Transcribe the entries below exactly, starting with the line that has "ขอเชิญร่วมชมและเชียร์ การประกวดวงโยธวาทิต ชิงถ้วยพระราชทานฯ" and stopping after the line that has "وهكذا وثق النص"; no pictures belong in the copy.

╭─ Entries supplied

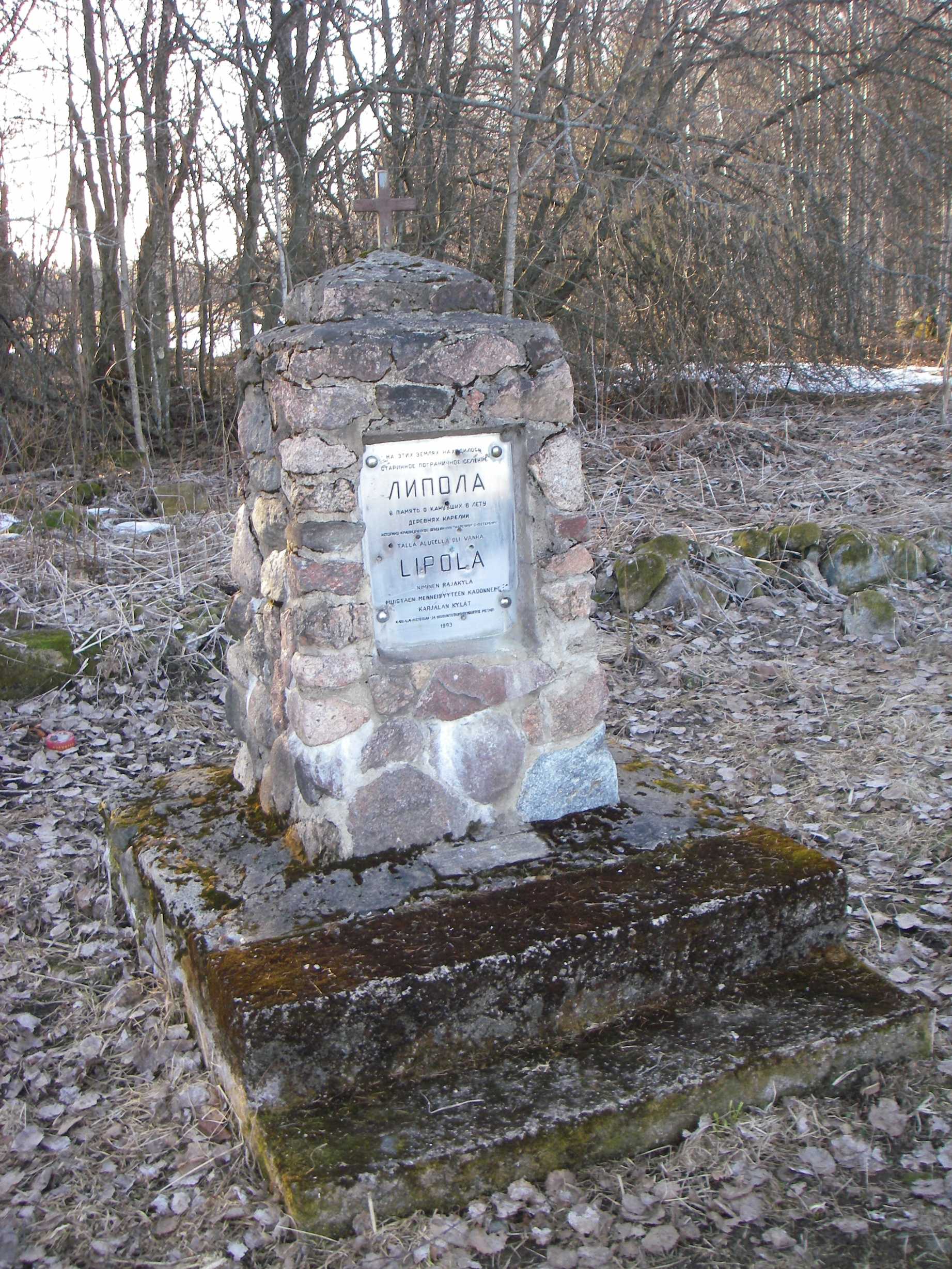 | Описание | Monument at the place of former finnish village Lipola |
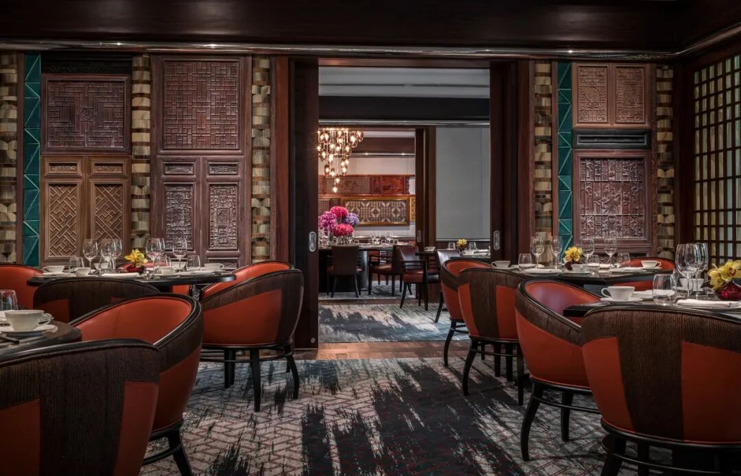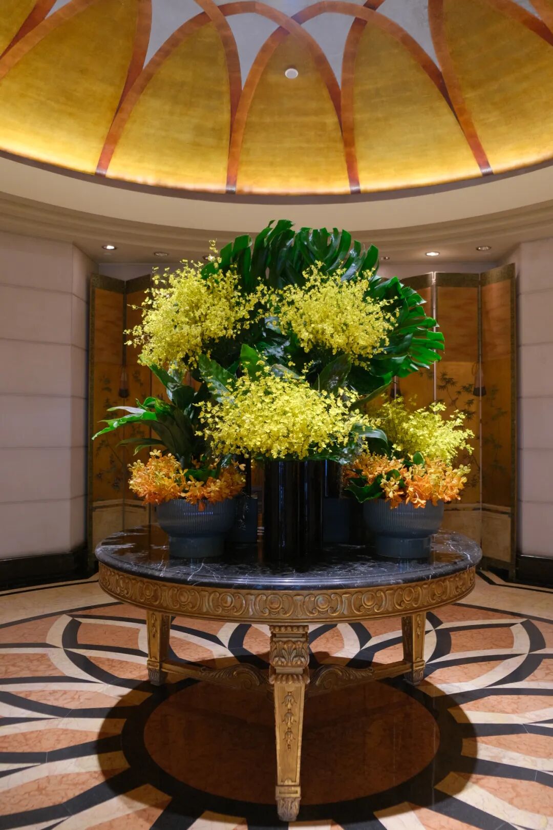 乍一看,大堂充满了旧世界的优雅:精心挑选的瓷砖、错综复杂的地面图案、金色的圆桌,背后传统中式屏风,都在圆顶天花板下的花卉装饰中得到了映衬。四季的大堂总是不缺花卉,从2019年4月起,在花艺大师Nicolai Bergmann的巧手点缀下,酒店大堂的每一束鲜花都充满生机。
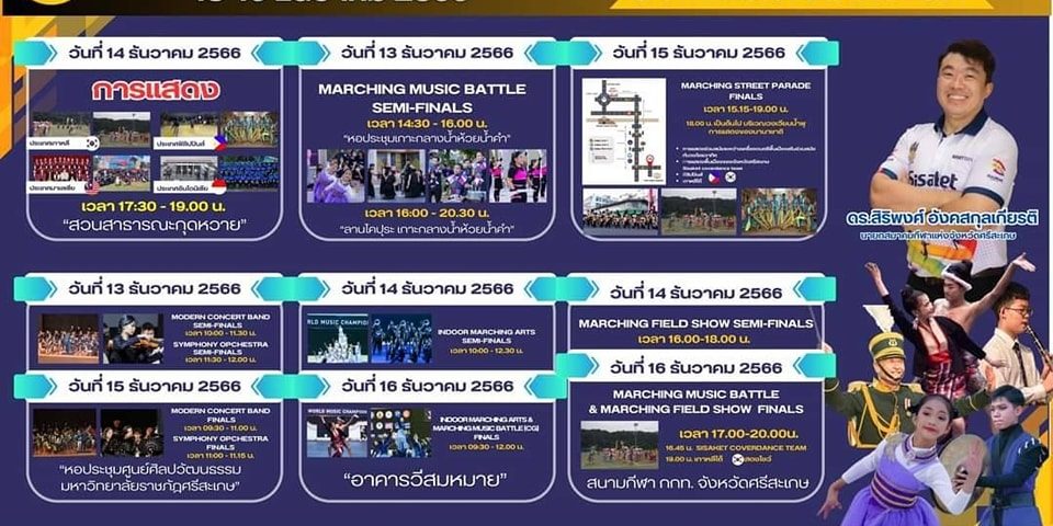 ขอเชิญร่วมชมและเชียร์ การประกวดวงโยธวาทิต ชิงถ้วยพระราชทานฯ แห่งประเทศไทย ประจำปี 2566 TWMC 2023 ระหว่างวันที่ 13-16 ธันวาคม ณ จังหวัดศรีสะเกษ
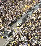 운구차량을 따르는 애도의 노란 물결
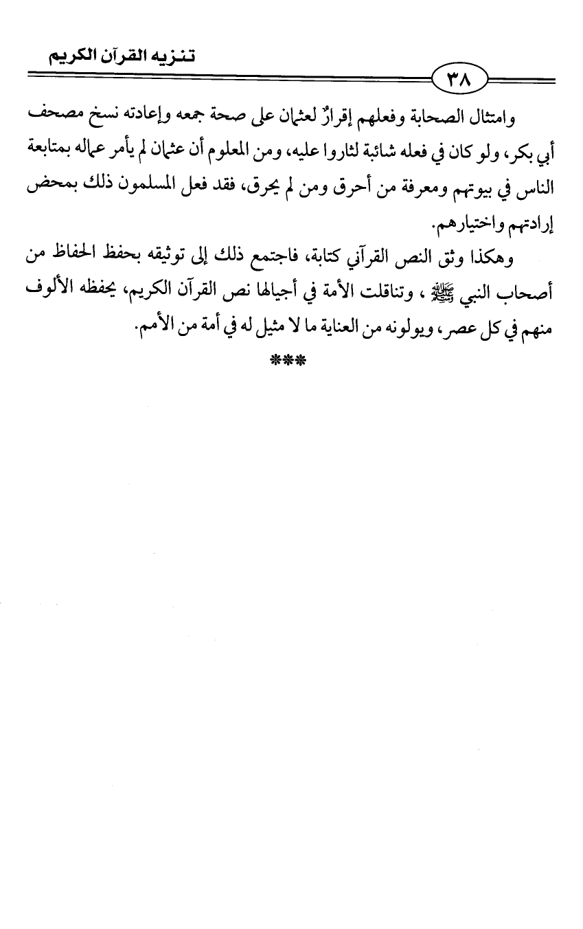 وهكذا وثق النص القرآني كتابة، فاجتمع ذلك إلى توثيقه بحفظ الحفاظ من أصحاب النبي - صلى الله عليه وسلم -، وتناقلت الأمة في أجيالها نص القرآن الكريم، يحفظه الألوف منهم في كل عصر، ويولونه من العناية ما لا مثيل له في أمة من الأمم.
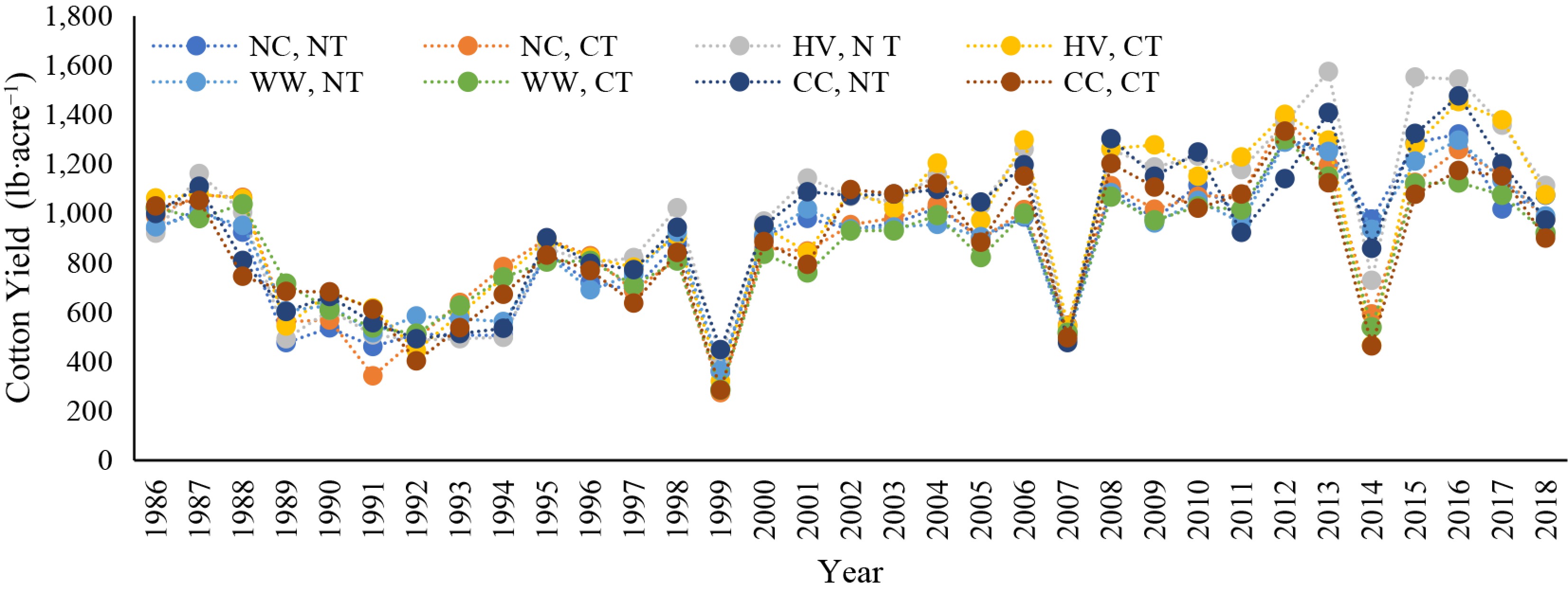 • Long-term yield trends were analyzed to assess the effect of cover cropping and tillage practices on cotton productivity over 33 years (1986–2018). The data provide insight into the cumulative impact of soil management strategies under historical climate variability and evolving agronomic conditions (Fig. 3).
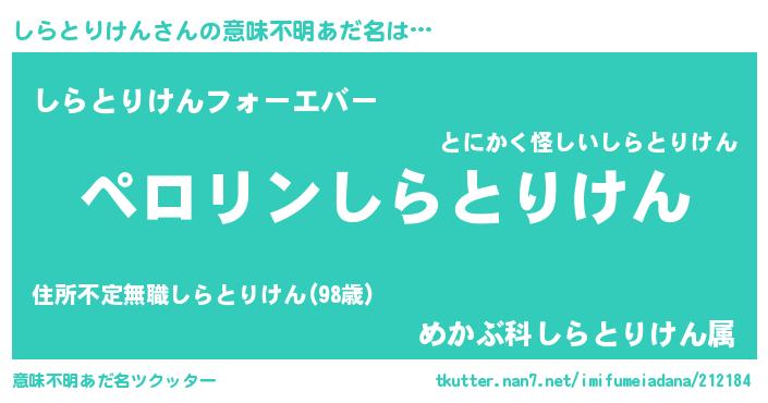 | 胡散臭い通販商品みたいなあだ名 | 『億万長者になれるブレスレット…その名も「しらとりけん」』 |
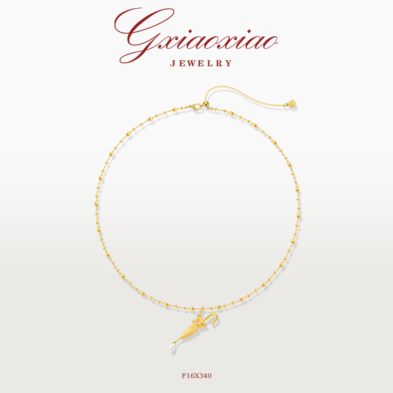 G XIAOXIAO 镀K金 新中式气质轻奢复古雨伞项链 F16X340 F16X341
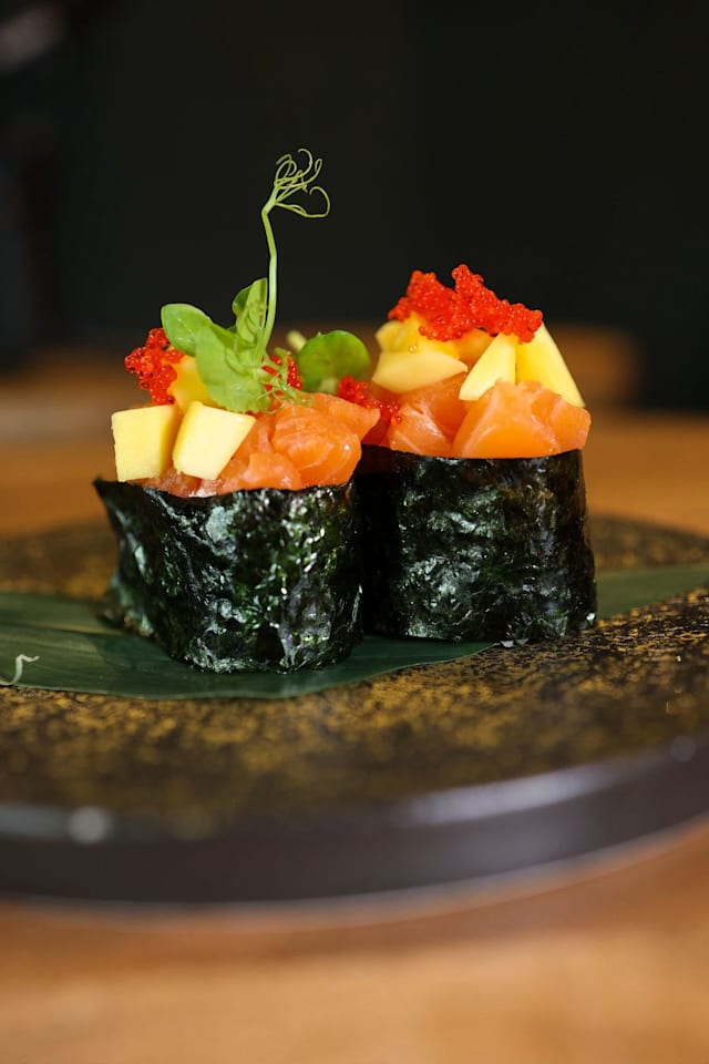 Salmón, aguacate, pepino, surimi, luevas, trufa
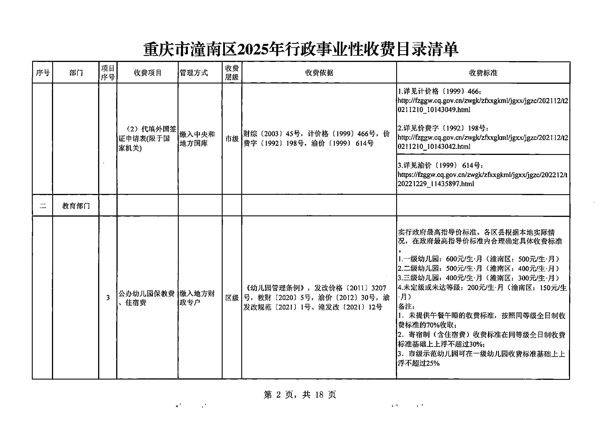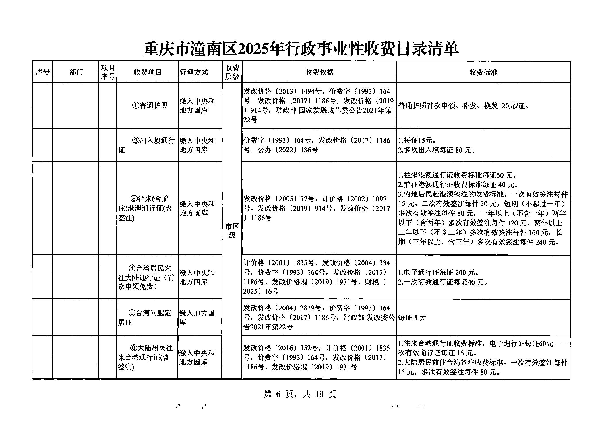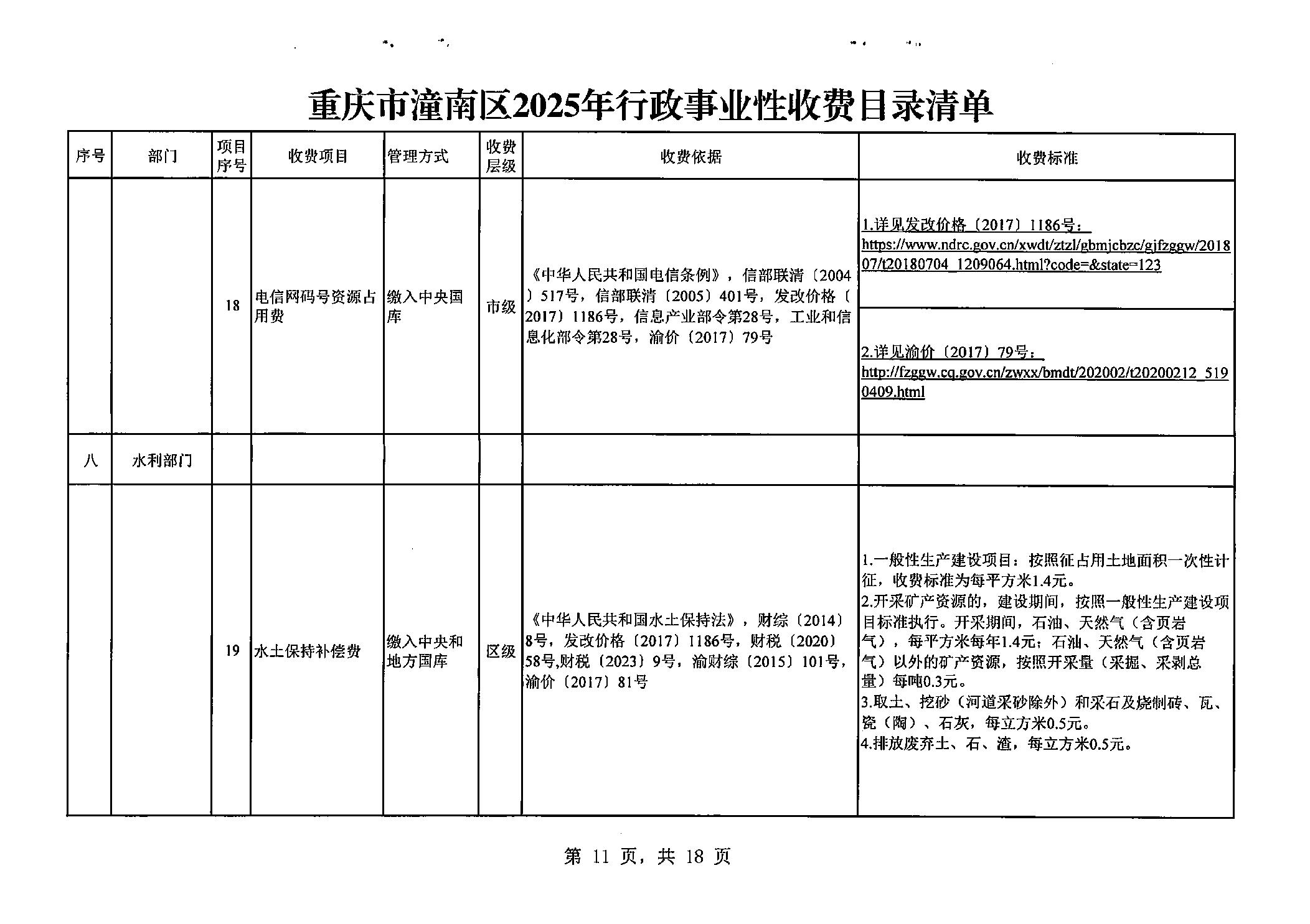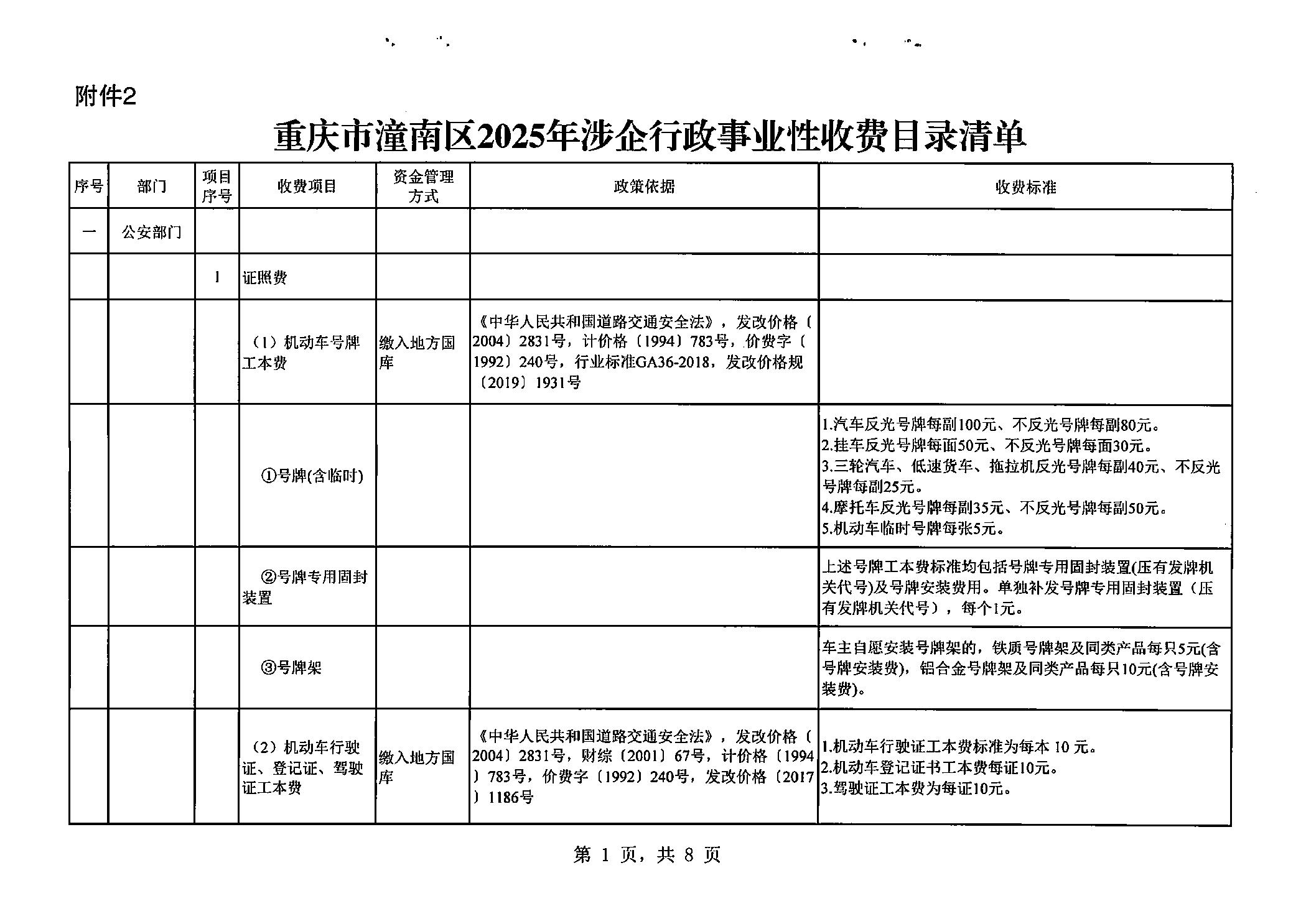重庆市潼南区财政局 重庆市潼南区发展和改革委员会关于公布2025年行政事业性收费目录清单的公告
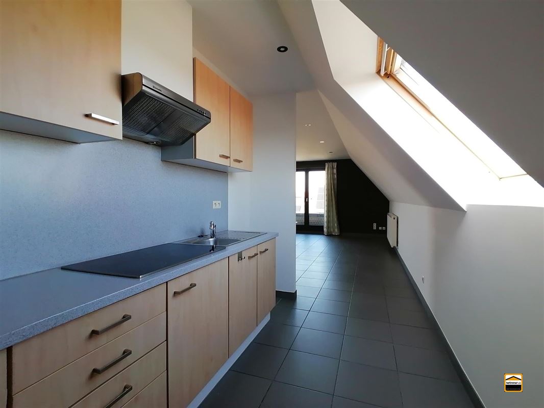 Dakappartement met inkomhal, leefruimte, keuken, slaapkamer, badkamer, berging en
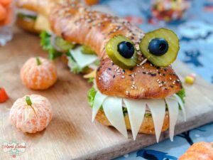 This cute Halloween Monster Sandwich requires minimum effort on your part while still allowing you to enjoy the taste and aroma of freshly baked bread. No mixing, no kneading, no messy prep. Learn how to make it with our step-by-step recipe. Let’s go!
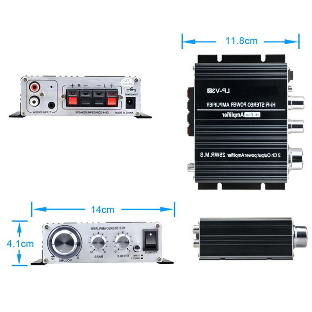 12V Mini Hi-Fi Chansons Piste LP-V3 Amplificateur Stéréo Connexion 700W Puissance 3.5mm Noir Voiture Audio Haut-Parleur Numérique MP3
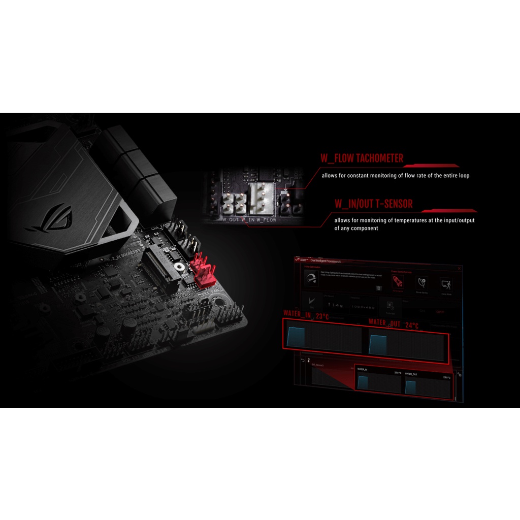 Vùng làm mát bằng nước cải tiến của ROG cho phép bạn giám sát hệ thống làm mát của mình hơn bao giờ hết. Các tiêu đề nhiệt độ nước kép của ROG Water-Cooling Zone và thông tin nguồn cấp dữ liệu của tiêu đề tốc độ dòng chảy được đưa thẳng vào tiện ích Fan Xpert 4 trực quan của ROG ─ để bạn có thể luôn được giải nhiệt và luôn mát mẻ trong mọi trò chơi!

╰─

→ **Task solution**:
 ขอเชิญร่วมชมและเชียร์ การประกวดวงโยธวาทิต ชิงถ้วยพระราชทานฯ แห่งประเทศไทย ประจำปี 2566 TWMC 2023 ระหว่างวันที่ 13-16 ธันวาคม ณ จังหวัดศรีสะเกษ
 운구차량을 따르는 애도의 노란 물결
 وهكذا وثق النص القرآني كتابة، فاجتمع ذلك إلى توثيقه بحفظ الحفاظ من أصحاب النبي - صلى الله عليه وسلم -، وتناقلت الأمة في أجيالها نص القرآن الكريم، يحفظه الألوف منهم في كل عصر، ويولونه من العناية ما لا مثيل له في أمة من الأمم.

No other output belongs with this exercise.